Я донашивал пальто старшей сестры, которое ей досталось от дальней родственницы. Рукав пальто заканчивался хорошо истрёпанной манжетой и вшит с фонариком. Подол расклешённый. Одним словом: девчоночье. Как я не хотел его одевать! Я подросток, класс смешанный, а тут это ненавистное пальто. Я мечтал о телогрейке, самой распространённой верхней одежде в войну и послевоенные годы. Мы нищенствовали, денег не хватало даже на еду. Купить не могли, зато сейчас, в домашних условиях, с большой любовью  пользуюсь стёганой телогрейкой.
     Второй школьный атрибут – портфель. Как мы завидовали тем ученикам, у кого был настоящий портфель с ручкой и замком застёжкой! Да с таким портфелем можно учиться только на отлично!  Два раздельных отделения для книг и тетрадей! Мечта. Девочки ходили с мамиными сумками и очень воображали. Мне мама сшила из старого мешка сумку по размеру книг и  верёвкой, чтобы носить через плечо. Я стеснялся моего убожества и сумку одевал под пальто, а весной «потерял» её и носил книги за поясом, а потом вообще начал прогуливать, стыдясь самого себя. Я начал взрослеть.
     Следующее -  это письменные принадлежности. Надо отметить, что в те годы, в начальных классах был урок чистописания. Это написание букв с определённым наклоном и разной толщиной линии в отдельных местах.   Необходимо было иметь тетрадь в косую линейку, перьевую ручку и, самое главное, перо №86. Всё это было дефицитом и продавалось на рынке по баснословной цене. Приходилось  искать варианты, на чём можно сэкономить. Прежде всего, тетрадь. Тетради я научился делать из упаковочной жёсткой светло-коричневой бумаги, которую мама приносила с работы. Мама после возвращения из эвакуации работала медсестрой на махорочной фабрике. Сырьё поступало на фабрику тюками завёрнутое в эту бумагу. Изготовить тетрадь дело было не сложное. Первый этап – бумагу надо разгладить горячим утюгом и разрезать на полосы шириной по высоте ученической тетради с небольшим запасом. Далее делались двойные листы и сшивались во что-то подобие тетради. Последняя процедура – обрезка краёв по габаритам стандартной тетради острым ножом по линейке. Далее понятно, что это произведение искусств надо ещё и расчертить по образцу. Тетрадь в 12 листов получалась толщиной как общая стандартная тетрадь. Как я гордился своим творением! Мне в ту пору было 9 лет. На создание тетради уходил целый вечер, так что не всегда успевал делать уроки. Зато в школу я шёл счастливый со своей новенькой тетрадкой. Таких красивых и аккуратных тетрадей не было ни у кого.
     Вспоминается мне одноклассница Тамара Лихацкая (имя может быть неверное – столько времени прошло, а фамилия именно эта).

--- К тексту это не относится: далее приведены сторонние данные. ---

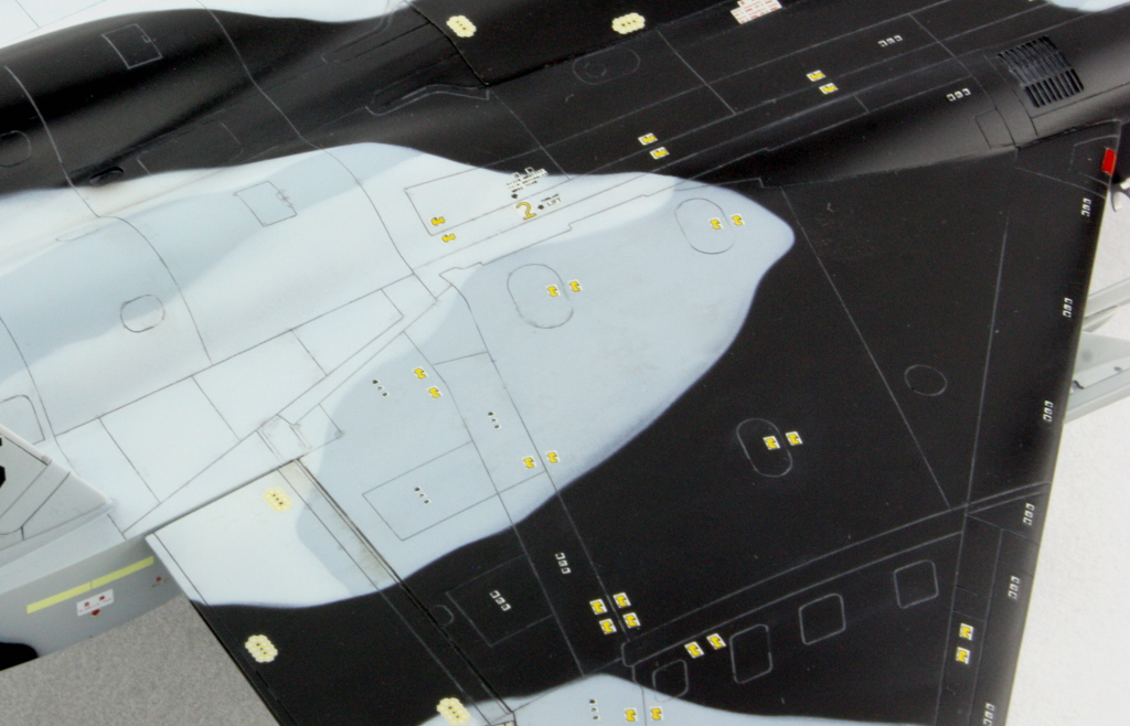 The black pattern was masked using rolls of blu-tack and masking tape and the darker grey standard camouflage pattern was sprayed with Mr Color 307 to represent FS36320. With this masked off in the same manner, the rest of the airframe sprayed with FS36375. I started with Mr Color 308, but ran out after the upper surfaces were done and had to finish using Humbrol 127 (Mr Color is hard to obtain in the UK, and I was in a rush). Fortunately these two are very close in colour and the difference is invisible. At this point I had basically completed the colour scheme.

У девочки была одна тетрадь в клеточку. В ней она писала и арифметику, и русский язык и другие предметы, отводя на каждый пару листов. Писала она остро заточенным твёрдым карандашом в каждой строчке мелкими аккуратными буковками. Через определённое время она стирала ластиком написанное и писала вторично на этой же странице между, в прошлом написанных и стёртых, строчек. Она была очень бережливой и аккуратной девочкой. Школьные принадлежности она носила в маминой дамской сумке.  Застенчивая и, как мне сейчас кажется, стеснялась своей бедности.

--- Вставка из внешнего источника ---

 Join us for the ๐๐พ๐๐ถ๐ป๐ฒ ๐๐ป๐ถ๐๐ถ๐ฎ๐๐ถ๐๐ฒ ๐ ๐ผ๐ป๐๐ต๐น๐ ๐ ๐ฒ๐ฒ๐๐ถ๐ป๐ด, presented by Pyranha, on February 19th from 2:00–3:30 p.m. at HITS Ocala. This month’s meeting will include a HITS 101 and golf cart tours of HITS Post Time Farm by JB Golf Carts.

     Ещё одна примета нищеты и бедности – это свободное время, игры. Дети есть дети, а мальчишки – непоседы без игр не могли провести и дня. Безусловно, основная игра это гонять мяч в футбол. Но!!!  Мяча нет и в помине не только у нас, но и во всей округе. Мы делали мячи из тряпья, которое нам могли дать мамы. Тряпки мы укладывали по возможности в шарообразную форму и обшивали в довольно тугой колобок. Естественно колобки были разных размеров и соответственно веса.  Такой мяч мы могли гонять целый день. Кушать, как сейчас, нас никто не звал. У каждого из нас был свой мяч и если игровой мяч разлетался в клочья, тут же подбирали другой и игра возобновлялась.
     У моих сестёр и подружек были свои девчоночьи игры. Классики, скакалки и куклы. Куклы это особое занятие. Куколку надо было ещё сшить из лоскутков. Лоскутки обменивались между подружек, какой куколке, что лучше подойдёт. И так целый день. Мне же приходилось мастерить им саночки, коляски и колыбельки. Что поделаешь, я был в доме единственный мужчина, а девочкам надо помогать.

     Таким мне запомнилось моё неприглядное школьное детство.




                Родное наречие.


      Так  получилось, что я родился в Украине, эвакуировался в Казахстан, затем снова вернулся в Украину и долгие годы, более 50 лет живу в России. Школу, семь классов, закончил в городе Прилуки в Украине. Мне очень трудно давался русский язык. Дело в том, что преподавателем русского языка и литературы был заскорузлый хохол, работавший в школе завхозом, и в течение 16 лет умудрился закончить заочное отделение педагогического техникума. Говор у него был ещё тот. Местный. Но он старался. В ту пору экзамены пришлось сдавать после окончания семи классов. Русский язык и литература были для меня не поддающимися. Говорить по-русски мы не умели, диктант, конечно, пишется легко, как слово услышал, так и написал. Стихотворение, вполне можно запомнить, но вот пересказ написать, или рассказать своими словами что-либо, целая проблема. Ведь в каждой местности свой говор, порой и свои слова, присущие и понятные только проживающим здесь. На экзамене мне досталось какое-то повествование.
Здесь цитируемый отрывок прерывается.